After I closed my boutique, I continued to thrift and found a need to create outfits to interview and get the job I wanted. I was on a single mom income and living with my parents, so thrifting helped me to gain a wardrobe that reflected my style, helped build my confidence for the professional world. I noticed when I had clothes that honored my body for where it was and fit me well, I felt good. I felt on top of the world and that I could do anything. I developed a system of what brands to look for, how to evaluate if it was in good condition, and also know the value of the pieces I chose.


Whereas, all my teenage and young adult life, I focused on what my brain could do and pushing myself to the limits, now I finally poured my creative energy into outfits and self-expression. It gave me an outlet to be myself and to like the reflection I saw in the mirror.

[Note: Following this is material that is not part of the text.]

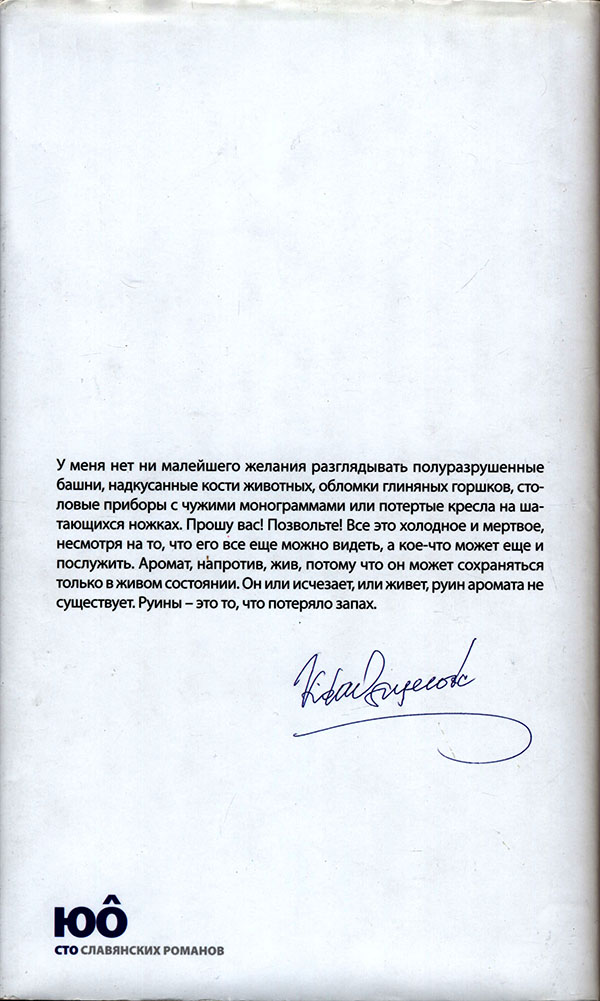 Никто не хотел первым притрагиваться к флакону семнадцатого века. Пусть это сделает кто-нибудь с более удачливой рукой, переглядывались они. Чувствовали себя немного виновато. Ценнер сказал, что слишком устал, чтобы быть первым. Хлубник молчал, как рыба. Ольга тихонько промолвила: Давайте я. Пожилая госпожа Эмилия, которая за ночь постарела и выглядела так, будто стоит на краю могилы, сидела в том самом кресле, в котором она последний раз видела своего сына. Ее отчаянный взгляд лучше всего говорил, что с наибольшим удовольствием она бы и сама опустила голову на раскрытую книгу и уснула, как он. Она как-то рассеянно улыбнулась и сказала, не отводя взгляд: понюхай, Ольгица. Ольга встала перед витриной, легонько отвернула крепко закрытую пробку, дотронулась ноздрей до края горлышка, а затем быстро закрыла рукой отверстие в бутылочке.

I first started the journey just as fashion. But when I realized the empowerment of the styling piece, I knew I held the power within myself to create a new me, a healed me and that I was beautiful inside and out.

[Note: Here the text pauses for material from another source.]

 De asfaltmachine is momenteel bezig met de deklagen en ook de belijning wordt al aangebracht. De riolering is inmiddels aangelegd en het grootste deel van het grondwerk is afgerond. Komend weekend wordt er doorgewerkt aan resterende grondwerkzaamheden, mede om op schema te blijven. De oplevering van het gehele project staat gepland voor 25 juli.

Could you elaborate on how you help others reconnect with their inner queen and create lives of joy, purpose, and abundance through your program? What are some common challenges people face in this journey?

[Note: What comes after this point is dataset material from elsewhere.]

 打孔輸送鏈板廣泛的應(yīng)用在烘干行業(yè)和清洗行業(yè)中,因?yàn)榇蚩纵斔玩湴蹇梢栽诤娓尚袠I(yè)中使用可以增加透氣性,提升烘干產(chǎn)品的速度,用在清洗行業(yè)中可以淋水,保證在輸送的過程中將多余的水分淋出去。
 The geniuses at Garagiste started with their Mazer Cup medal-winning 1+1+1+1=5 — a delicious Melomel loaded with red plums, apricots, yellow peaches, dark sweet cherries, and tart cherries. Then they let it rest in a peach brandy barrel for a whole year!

I help others who identify as women to help find their queen by getting to know the ins and outs of that person. I uncover their passions, their professional and career goals, and all the ins and outs of their relationship to style. I don't have all the answers to guide them in their styling journey. I am a mere catalyst to help them see themselves inside and out, define where they want to be and help them find the answers within themselves.


I've found most of my clients are going through a tough personal and/or professional transition, whether they just got divorced, are stuck in a dead-end job, or just feel blah about their everyday style. Others have gone through physical changes and haven't yet learned how to embrace their current body. Many people always think of a future time of how their body will be and don't embrace the now. Now is all we have got and we have to put our best foot forward to love ourselves fully, right here, right now.


Tell us about your greatest career achievement so far.


I took the time to seek out mentors and learn about investing. There are do many programs out there and so many people willing to take your money for their self proclaimed programs. But I was able to find a millionaire to learn from who is real, transparent, available, and smart enough to break down all the asset classes.


For so long, I had felt I had no control over my money and wasn't able to even have savings as I was living paycheck to paycheck as a single mom. I believed other people deserved money and that I just was never going to be one of those people. But when I took this investing journey, I began to change my mindset and increasing my financial net worth to as high as possible became my new goal. I started believing I deserved money and success, no matter what race, gender or my story. With all this knowledge, I am now on my way to building my first million. I pinch myself all the time realizing I'm in a part of my life I never thought I would be or deserved.


So now. I know I deserve the wealth and all the good things in life. I know I can achieve anything I want. I won't let anybody stop me anymore or get in the way of achieving my vision and dreams. I don't tolerate negativity or drainbows. The limit is beyond the sky. And a Lambo and being the first Asian American woman billionaire sounds like a pretty damn good place to be.

If you could change one thing about your industry, what would it be and why?


I would change the attitude and treatment of mental health issues in the workplace. I don't think we allow people to admit when they have mental health issues or acknowledge that sometimes we go beyond our limits into a tough mental space.


I would like to see more access to coping tools, as well as education on mental health and stress. When we can remove the stigma of mental health, we can be a better-prepared society to allow people to have meaningful work and have work/life harmony.